On Sun, Sep 1, 2024 at 12:05 AM Jarek Potiuk <ja...@potiuk.com> wrote:

Personally for me "airflow.sdk" is best and very straightforward. And
we
have not yet used that for other things before, so it's free to use.

"Models" and similar carried more (often misleading) information -
they
were sometimes database models, sometimes they were not. This caused a
lot
of confusion.

IMHO explicitly calling something "sdk" is a clear indication "this is
what you are expected to use". And makes it very clear what is and
what
is
not a public interface. We should aim to make everything in
"airflow.<sdk>"
(or whatever we choose) "public" and everything else "private". That
should
also reduce the need of having to have a separate description of "what
is
public and what is not".

Actually - if we continue doing import initialization as we do today
- I
would even go as far as the "airflow_sdk" package - unless we do
something
else that we have had a problem with for a long time - getting rid of
side
effects of "airflow" import.

It's a bit tangential but actually related - as part of this work we
should IMHO get rid of all side-effects of "import airflow" that we
currently have.
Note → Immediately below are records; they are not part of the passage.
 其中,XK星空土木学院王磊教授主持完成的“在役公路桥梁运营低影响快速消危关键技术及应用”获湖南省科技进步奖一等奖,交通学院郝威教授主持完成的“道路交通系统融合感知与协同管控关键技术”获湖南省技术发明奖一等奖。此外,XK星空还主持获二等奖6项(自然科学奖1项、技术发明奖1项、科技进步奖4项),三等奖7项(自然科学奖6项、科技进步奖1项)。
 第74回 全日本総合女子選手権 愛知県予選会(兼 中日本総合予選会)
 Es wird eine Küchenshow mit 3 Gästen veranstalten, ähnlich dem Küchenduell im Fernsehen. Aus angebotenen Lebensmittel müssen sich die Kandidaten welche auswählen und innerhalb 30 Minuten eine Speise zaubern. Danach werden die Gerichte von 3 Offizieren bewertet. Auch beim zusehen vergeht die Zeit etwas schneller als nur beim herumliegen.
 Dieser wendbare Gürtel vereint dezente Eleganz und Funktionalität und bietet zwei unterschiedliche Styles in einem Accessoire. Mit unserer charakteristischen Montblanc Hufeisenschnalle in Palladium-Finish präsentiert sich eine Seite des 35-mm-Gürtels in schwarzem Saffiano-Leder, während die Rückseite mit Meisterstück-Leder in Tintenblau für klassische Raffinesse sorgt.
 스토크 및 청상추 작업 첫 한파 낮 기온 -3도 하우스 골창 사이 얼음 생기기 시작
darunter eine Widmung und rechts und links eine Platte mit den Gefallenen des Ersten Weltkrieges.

If we stick to sub-package of airflow  - it is almost
a
given thing since "airflow.sdk"  (or whatever we choose) will be
available to "worker", "dag file processor" and "triggerer" but the
rest of
the "airlfow","whatever" will not be, and they won't be able to use
DB,
where scheduler, api_server will.

So having side effects - such as connecting to the DB, configuring
settings, plugin manager initialization when you do "import" caused a
lot
of pain, cyclic imports and a number of other problems.

I think we should aim to  make "initialization" code explicit rather
than
implicit (Python zen) - and (possibly via decorators) simply
initialize
what is needed and in the right sequence explicitly for each command.
If we
will be able to do it "airflow.sdk" is ok, if we will still have
"import
airflow" side-effects, The "airflow_sdk" (or similar) is in this case
better, because otherwise we will have to have some ugly conditional
code -
when you have and when you do not have database access.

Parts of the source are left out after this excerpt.